TRUE TERNARY REFACTOR 15

Date: 2026-05-20

Goal

Fix the two regressions reported after the platform restructure:

model capacity had fallen back to about 1.9B instead of the 3B target
training was hitting OOM from fp16/fp32 state leaking into ternary paths

Changes

1. Restored the 3B target shape

arbitor/config.py now restores the large VQ targets while keeping the motif width small enough to stay near 3B:

CODEBOOK_DIM = 64
SHARED_VQ_SIZE = 10_000_000
KGVQ_CODEBOOK_SIZE = 5_000_000
KGVQ_CODEBOOK_DIM = 64

A no-allocation constructor trace of the assembled default model reports:

dummy logical ternary total: 3,011,944,672

This keeps the requested 10M shared VQ and 5M KG VQ without the accidental 1024-wide VQ explosion.

2. Removed MoEGraph fp16 edge EMA

MoEGraph no longer allocates dense codebook_size * 10 graph edges for large VQ graphs and no longer registers edge_ema as float16.

Large graphs now use bounded active edge state:

active_edge_src: int32
active_edge_dst: int32
active_edge_attr: int8 ternary edge sign
active_edge_score: int8 residual score
edge_index: empty compatibility buffer for large active mode

Small graph tests still use dense edges, but the score path is now int8 edge_score, not fp16 EMA.

3. Removed float KG VQ buffers

The old KGVQCodebook kept float32 embed and embed_avg buffers. It is now a compatibility wrapper around TernaryVQCodebook, so the KG/composite VQ uses packed ternary rows, int8 scales, int8 accumulators, and int16 usage counts.

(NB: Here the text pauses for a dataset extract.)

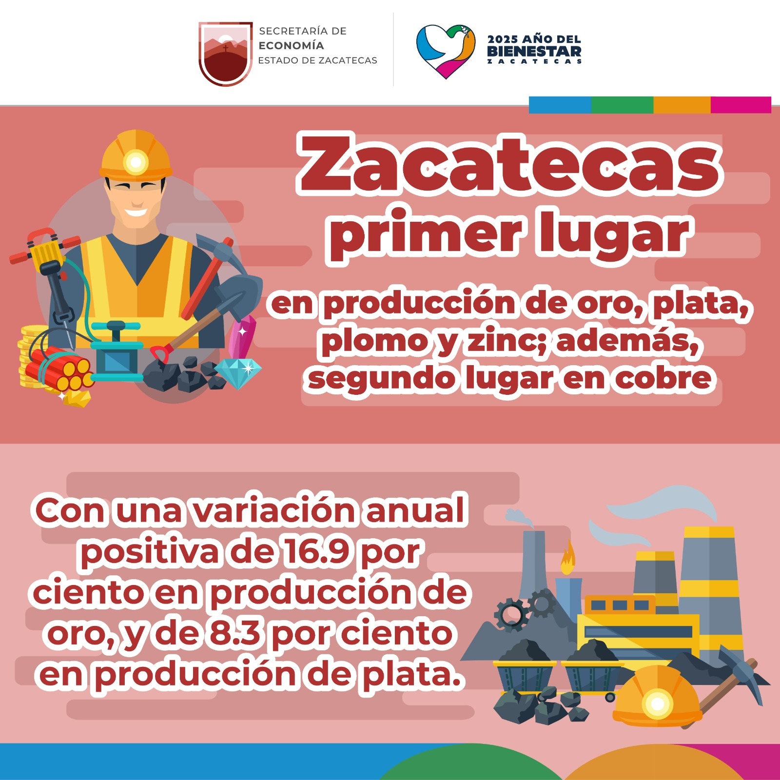 ▪️️ El estado registró una variación anual positiva de 16.9% en oro y 8.3% en plata, con lo que supera a Sonora, Durango y Chihuahua, en crecimiento minero

4. Large VQ initialization is now packed-first

TernaryEmbeddingTable now detects million-entry tables and initializes directly into:

packed uint8 trits
int8 E
int8 E_accum
int8 T_accum

This avoids building temporary multi-GB float tensors for the 10M shared VQ and 5M KG VQ.

5. Removed persistent fp32 Triton training hooks

The Triton ternary backward path now stores _hook_grad_T_sign as int8 instead of keeping _hook_grad_2d and _hook_x_2d fp32 activation/gradient views on each ternary module after backward.

The direct fp32 hook fallback remains only for non-Triton compatibility paths, and the tests now assert that the CUDA Triton path does not retain fp32 grad/x hooks.

6. Ternary MoE centroids

MoEGraph routing centroids are now a TernaryEmbeddingTable instead of a float nn.Parameter.

Validation

Passed:

python -m compileall -q arbitor training testing
python -m pytest -q testing/kg/test_kg_edges.py testing/kg/test_composite_head.py testing/test_gradient_capture.py testing/test_tilelang_training.py
python -m pytest -q testing/test_tscale.py::test_cuda_triton_tscale_path
python -m pytest -q --import-mode=importlib testing/model/test_tscale.py::test_cuda_triton_tscale_path

Additional targeted checks passed:

large active MoEGraph with codebook_size=10_000_000 has edge_index.shape == (2, 0) and no float edge buffers
1M-entry TernaryVQCodebook has no float buffers and trains through sparse forward/backward/update
small active MoEGraph forward/backward remains finite with ternary centroids

Remaining Risk

The kernels still use fp32 accumulators internally for numeric accumulation and losses still produce floating scalar loss values. This pass removes persistent fp16/fp32 ternary state and retained fp32 training hooks, which were the memory leak/OOM concern. A fully integer activation/loss path would be a separate kernel-level redesign.